> [TASK TO CARRY OUT]: Verbatim repeat, images excluded. Give each entry again as written.

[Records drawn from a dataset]
*** Block opens ***

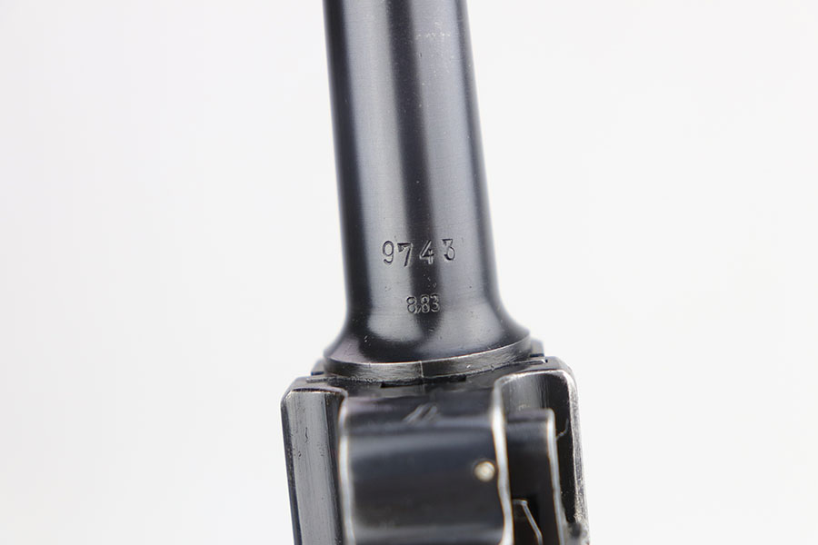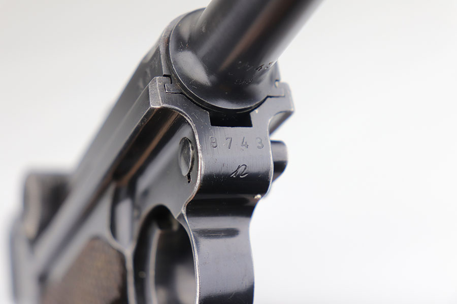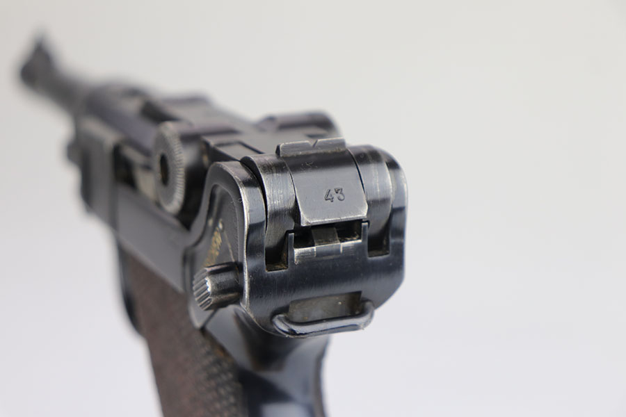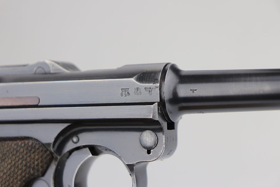 3/17/20 – This is a very nice example of a desirable Luger variation – the 1941/42 Mauser Luger. Only about 7,000 made, making them even rarer than the K date Luger. The pistol is all matching and original with about 93-94% blue remaining. There’s standard high point wear, as well as some finish loss on the bottom of the front strap, trigger guard, stock lug and top of the receiver. The grips are unnumbered and E/655 proofed. Magazine is period original but mismatched. Right grip panel has the common chip under the safety. Strong, shiny bore with only a bit of frost.
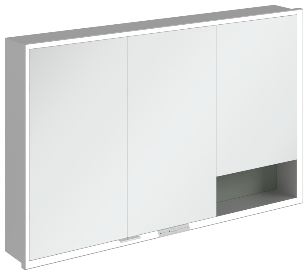 3 x Tür, 1 x Sensorschalter außen, 2 x Steckdose innen, 4 x Ablageboden aus Aluminium, 1 x offenes Fach rechts unten, 1 x Ablageschale, 1 x Vergrößerungsspiegel, 1 x Magnetleiste, IP 44, Montage in der Wand, Einbau, mit Befestigungsset
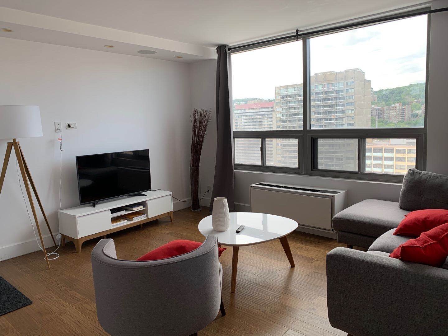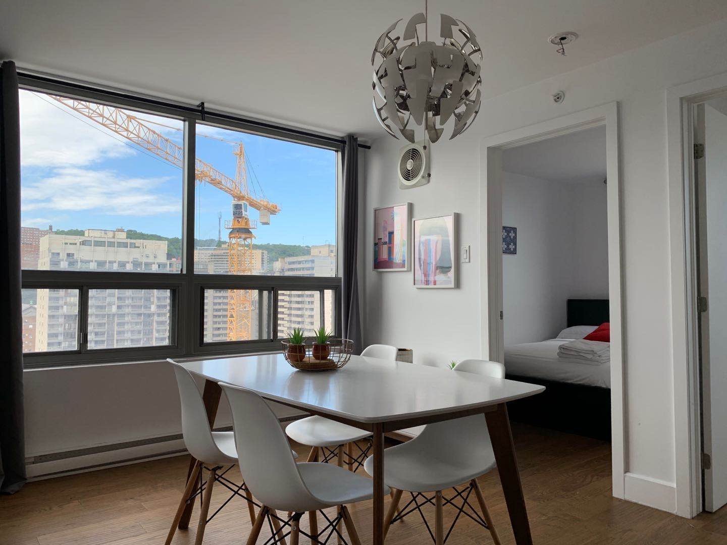 2-bedroom unit in downtown Montreal, close to everything! Rent includes furniture and all the utilities! The building has a gym on 2nd floor, common area and roof top terrasse on 19th floor. 24 hour security available in Lasalle college.
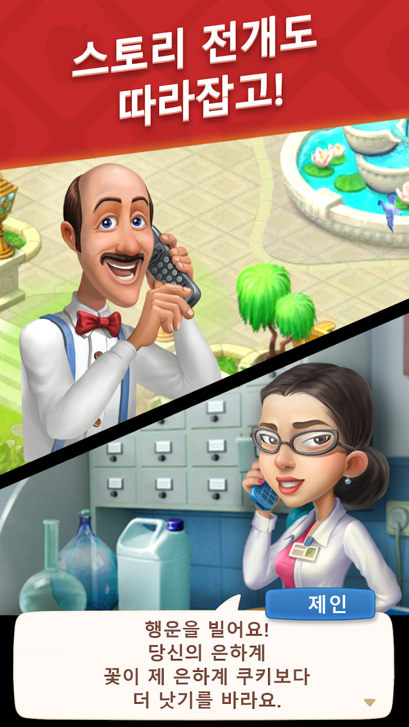 Gardenscapes는 단순한 퍼즐 게임을 넘어, 매력적인 스토리와 개성 넘치는 캐릭터들을 통해 몰입감 있는 게임 경험을 제공합니다. 오스틴을 비롯한 다양한 캐릭터들과의 상호작용은 게임에 활력을 불어넣고, 플레이어는 그들과 함께 정원을 복원해나가는 과정에서 깊은 유대감을 느낄 수 있습니다. 아름다운 그래픽과 편안한 사운드트랙은 게임의 분위기를 더욱 따뜻하고 아늑하게 만들어주며, 스트레스 해소와 휴식을 위한 완벽한 선택이 될 것입니다.
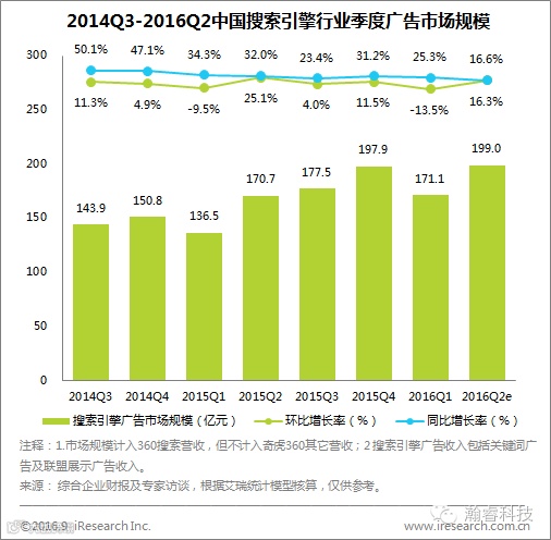 2016Q2中国搜索引擎行业季度广告市场规模为199.0亿元,同比增长率为16.6%,创历史新低,暂时结束了长期以来同比增速高于23%的高位增长状态。同时,环比增加16.3%,低于2009年以来的任一历史同期水平。
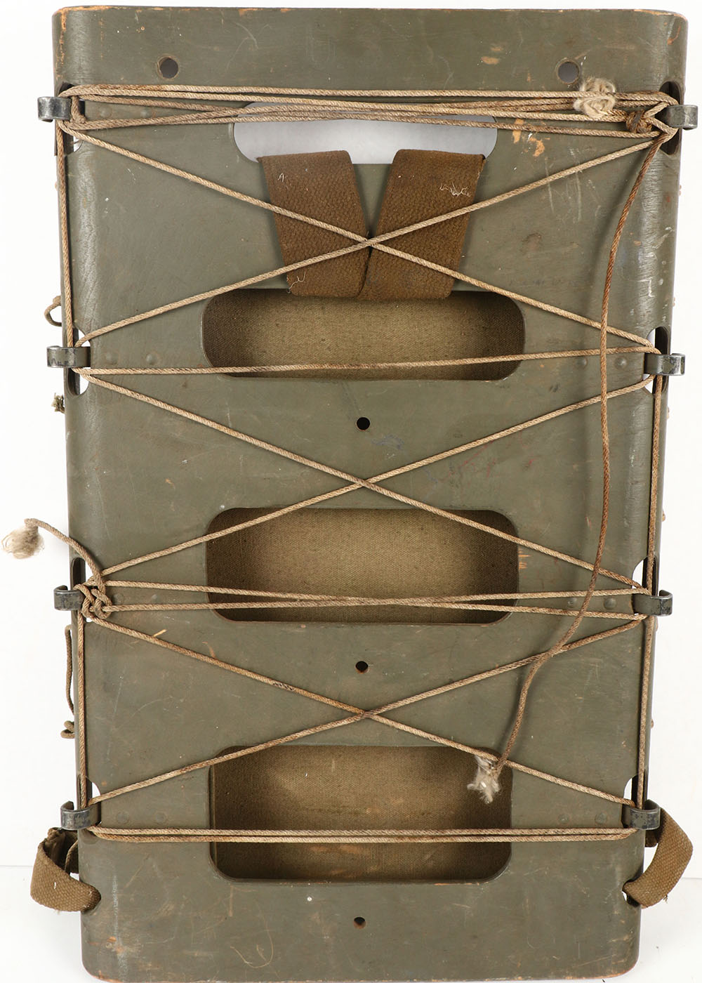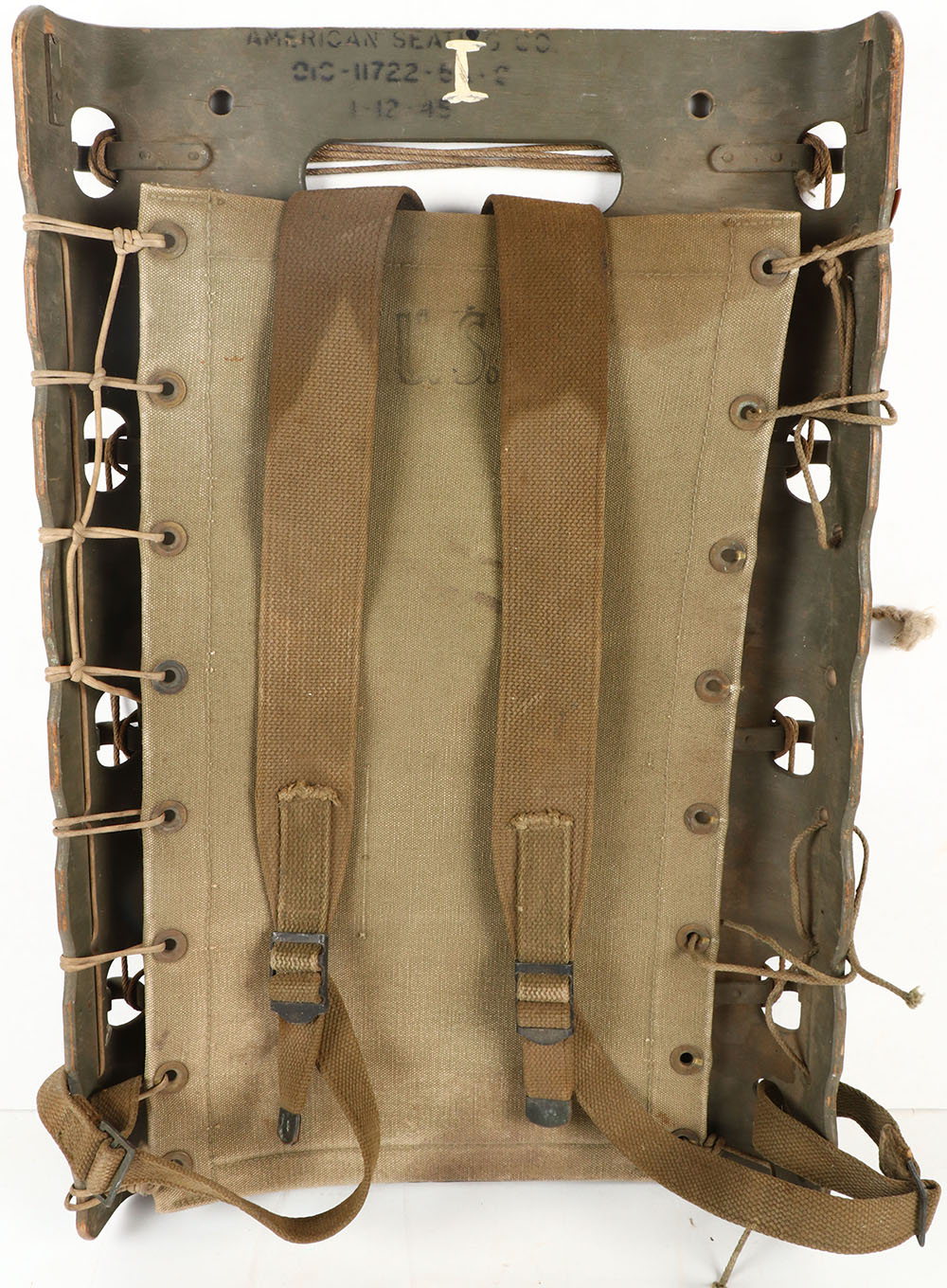 US, American Seating Co, Wood pack board frame, dated 1-12 -1945. has canvas straps, & backing. Canvas has sweat stains. wood & canvas are stamped ''US''. Grade: Very Good + - Value: 50 to 150
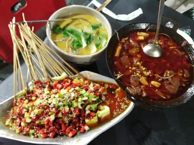 这家火锅串串的油用的很好,很清澈,一次性锅底加上一大瓶农夫山泉当着面给你倒进去,够豪气!而且越到后面越好吃,可能是农夫山泉的清甜让锅底 一点也不苦!
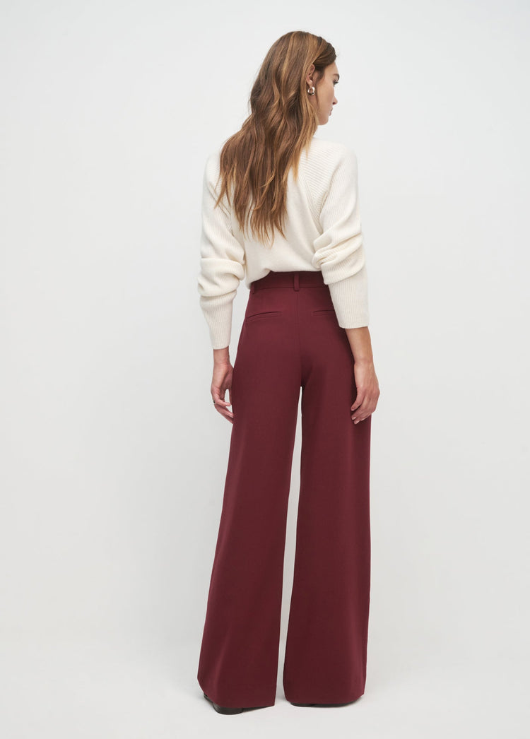 The Jones Wide Leg Pant has a high 12.25" rise and a wide leg with a 33" inseam that creates a super chic silhouette. While these burgundy trousers look great with anything (yes, anything), our favorite way to wear these pants is with the coordinating Dream Phoebe Bustier.
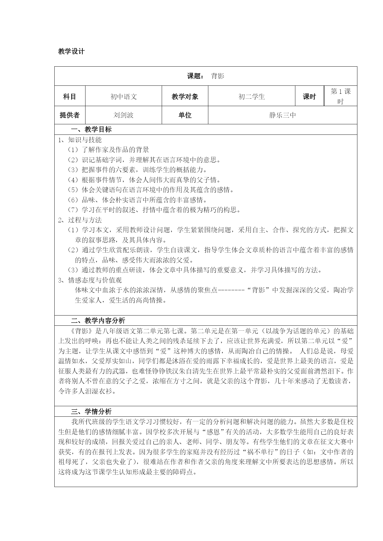 教学设计课题:背影科目初中语文教学对象初二学生课时第1课时提供者刘剑波单位静乐三中一、教学目标1、知识与技能(1)了解作家及作品的背景(2)识记基础字词,并理解其在语言环境中的意思。(3)把握事件的六要素,训练学生的概括能力。(4)根据事件情节,体会人间伟大而真挚的父子情。(5)体会关键语句在语言环境中的作用及其蕴含的感情。(6)品味、体会朴实语言中所蕴含的丰富感情。(7)学习在平时的叙述、抒情中蕴含着的极为精巧的构思。2、过程与方法(1)学习本文,采用教师设计问题,学生紧紧围绕问题,采用自主、合作、探究
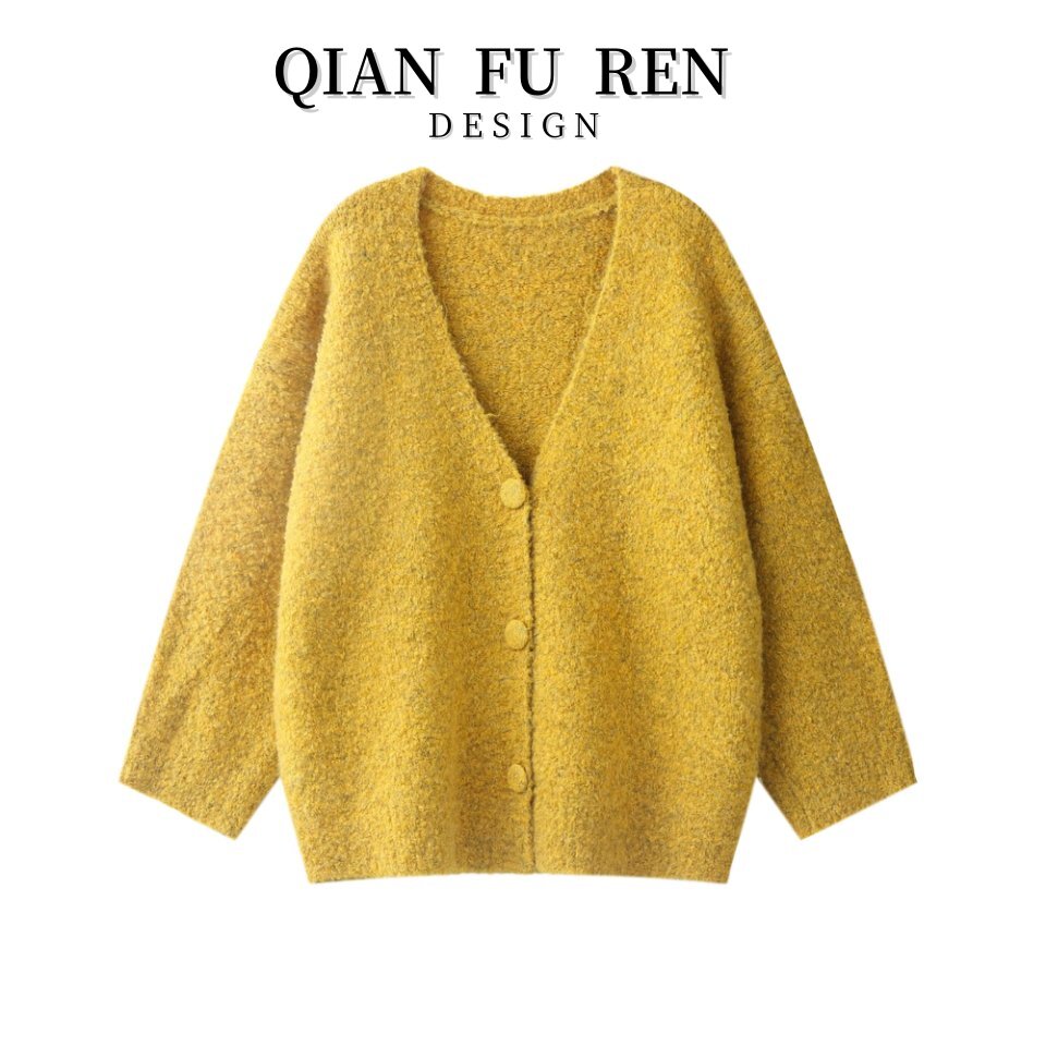 复古牛角扣羊毛混纺慵懒风加厚毛衣外套秋冬宽松简约百搭针织开衫
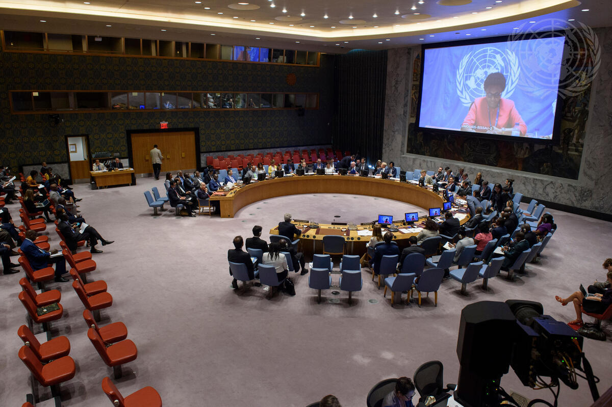 Wide view of the Security Council as Elisa Maria Tavares Pinto (on screen) of the Economic Community of West African States (ECOWAS) Women, Peace and Security Network, addresses the Council meeting on the situation in Guinea-Bissau.
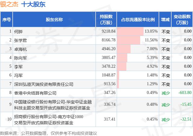 根据银之杰 2025 第一季度报告公布的十大股东详细信息如下:

*** Block closes ***

> [RESPONSE FOR THIS EXERCISE]:
 3/17/20 – This is a very nice example of a desirable Luger variation – the 1941/42 Mauser Luger. Only about 7,000 made, making them even rarer than the K date Luger. The pistol is all matching and original with about 93-94% blue remaining. There’s standard high point wear, as well as some finish loss on the bottom of the front strap, trigger guard, stock lug and top of the receiver. The grips are unnumbered and E/655 proofed. Magazine is period original but mismatched. Right grip panel has the common chip under the safety. Strong, shiny bore with only a bit of frost.
 3 x Tür, 1 x Sensorschalter außen, 2 x Steckdose innen, 4 x Ablageboden aus Aluminium, 1 x offenes Fach rechts unten, 1 x Ablageschale, 1 x Vergrößerungsspiegel, 1 x Magnetleiste, IP 44, Montage in der Wand, Einbau, mit Befestigungsset
 2-bedroom unit in downtown Montreal, close to everything! Rent includes furniture and all the utilities! The building has a gym on 2nd floor, common area and roof top terrasse on 19th floor. 24 hour security available in Lasalle college.
 Gardenscapes는 단순한 퍼즐 게임을 넘어, 매력적인 스토리와 개성 넘치는 캐릭터들을 통해 몰입감 있는 게임 경험을 제공합니다. 오스틴을 비롯한 다양한 캐릭터들과의 상호작용은 게임에 활력을 불어넣고, 플레이어는 그들과 함께 정원을 복원해나가는 과정에서 깊은 유대감을 느낄 수 있습니다. 아름다운 그래픽과 편안한 사운드트랙은 게임의 분위기를 더욱 따뜻하고 아늑하게 만들어주며, 스트레스 해소와 휴식을 위한 완벽한 선택이 될 것입니다.
 2016Q2中国搜索引擎行业季度广告市场规模为199.0亿元,同比增长率为16.6%,创历史新低,暂时结束了长期以来同比增速高于23%的高位增长状态。同时,环比增加16.3%,低于2009年以来的任一历史同期水平。
 US, American Seating Co, Wood pack board frame, dated 1-12 -1945. has canvas straps, & backing. Canvas has sweat stains. wood & canvas are stamped ''US''. Grade: Very Good + - Value: 50 to 150
 这家火锅串串的油用的很好,很清澈,一次性锅底加上一大瓶农夫山泉当着面给你倒进去,够豪气!而且越到后面越好吃,可能是农夫山泉的清甜让锅底 一点也不苦!
 The Jones Wide Leg Pant has a high 12.25" rise and a wide leg with a 33" inseam that creates a super chic silhouette. While these burgundy trousers look great with anything (yes, anything), our favorite way to wear these pants is with the coordinating Dream Phoebe Bustier.
 教学设计课题:背影科目初中语文教学对象初二学生课时第1课时提供者刘剑波单位静乐三中一、教学目标1、知识与技能(1)了解作家及作品的背景(2)识记基础字词,并理解其在语言环境中的意思。(3)把握事件的六要素,训练学生的概括能力。(4)根据事件情节,体会人间伟大而真挚的父子情。(5)体会关键语句在语言环境中的作用及其蕴含的感情。(6)品味、体会朴实语言中所蕴含的丰富感情。(7)学习在平时的叙述、抒情中蕴含着的极为精巧的构思。2、过程与方法(1)学习本文,采用教师设计问题,学生紧紧围绕问题,采用自主、合作、探究
 复古牛角扣羊毛混纺慵懒风加厚毛衣外套秋冬宽松简约百搭针织开衫
 Wide view of the Security Council as Elisa Maria Tavares Pinto (on screen) of the Economic Community of West African States (ECOWAS) Women, Peace and Security Network, addresses the Council meeting on the situation in Guinea-Bissau.
 根据银之杰 2025 第一季度报告公布的十大股东详细信息如下:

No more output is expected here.